Thursday, September 24, 2009

Back to Health Care Reform: What is Insurance Anyway?

I've taken a couple weeks off from posting about health care reform, but this week I'm preaching on it, so it's very much on my mind. Of course, sermon writing and blog writing are two very different things, so I'm writing this in hopes that it will get some of the stuff I'm feeling out of the way and I can get down to writing a real sermon tomorrow. That will be focusing on the moral issues of health care reform--our moral obligation as a society in how we deal with suffering, for example.

So today, you get how I really feel about insurance. I got in an argument with a friend recently about what the purpose of insurance is/should be. I think maybe she was arguing what it is, and I was arguing what it should be.

Essentially, what I believe insurance should be is it should be a capitalist system wherein we essentially socialize a system--we spread costs that would be unbearable for any individual person across a whole group. We collect insurance premiums in order to pay for those costs. Then, when the unbearable cost strikes you, you use your insurance.

What insurance is, in our country, is a company that works as best as it can to collect your money and give you nothing in return. This is true for every type of insurance, but particularly true for health care, and particularly egregious, since this impacts not just wealth but life itself.

The first problem with all insurance is that if you use it, your rates go up.

So, take for example automobile insurance. Anyone reading this ever decide not to report a legitimate claim for a small item because it might affect your rate? The idea that actually needing your insurance then moves your costs upwards, for any kind of insurance, is a negation of what insurance should really be about, in my definition of insurance.

The second problem with all insurance is that if you've needed it in the past, they will either deny you insurance or charge really high rates.

The third problem with insurance is that if you look like you're likely to need it, your rates will go up.

Back to automobile insurance, this means that if you have a long commute, a car that's too old or too new or too pricey, or if you are under a certain age or over a certain age, or if your car is red, or if you have any number of variables that make you more risky, you will pay more.

It's bad enough when it's your car insurance, or your housing insurance, or your life insurance, but when it's your health insurance, it takes a major toll.

The fourth problem with insurance is that the insurance company will try and limit what they could possibly have to cover as much as possible.

So, if it's housing insurance, this means if you're in an area that floods, they will not cover floods. If you are in an area that is high crime, it will not cover break-ins. As much as possible, they want to avoid covering anything that could be considered "an act of God," or anything that could be considered your own fault. What does that leave? As far as the insurance companies are concerned, hopefully nothing.

The fifth problem with insurance is that there's often not enough competition.

So for health insurance, for example, only one company in Michigan was required to provide me with health insurance--Blue Cross Blue Shield. And therefore they had no competition for my money, and I had to take whatever terms and costs they offered.

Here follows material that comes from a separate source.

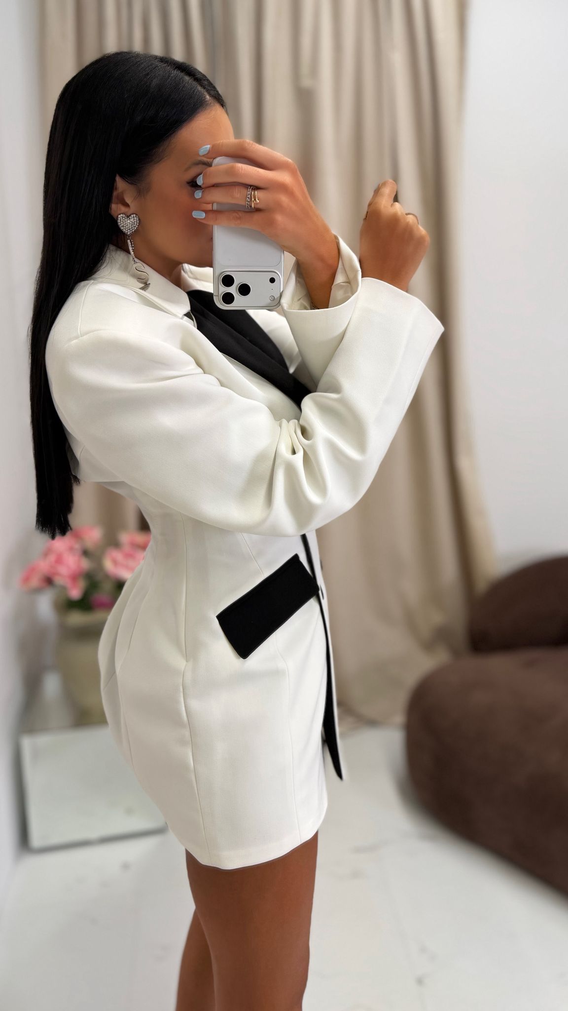 La Milla marynarko-sukienka Kim biała z czarnymi wstawkami to elegancka propozycja na specjalne okazje. La Milla Marynarka Kim ma klasyczny dwurzędowy fason, który został przełamany zjawiskowym wcięciem w talii. Biało-czarna marynarka La Milal posiada zaszewki z tyłu, które subtelnie modelują sylwetkę i optycznie podkreślają kształt pośladków, tworząc efekt bardziej proporcjonalnej i kobiecej linii. Biały kolor marynarki został przełamany klasycznym kolorem czerni na klapach i kieszeniach, które dodają całej stylizacji charakteru.

Calling this a health care crisis in our country isn't really accurate--it's a health insurance crisis. Our health insurance system no longer does what we need it to do. It's broken. It always was broken, because it was the wrong answer to the problem, but the cracks in it have gotten wider.

The reason why it is so broken? Greed. I firmly believe that the bottom line in health care insurance is a financial bottom line--how can we make the most money? What we need is a moral and ethical and compassionate bottom line--how can we help people the most?

Even calling this a health insurance crisis isn't accurate enough, perhaps. It's a compassion crisis.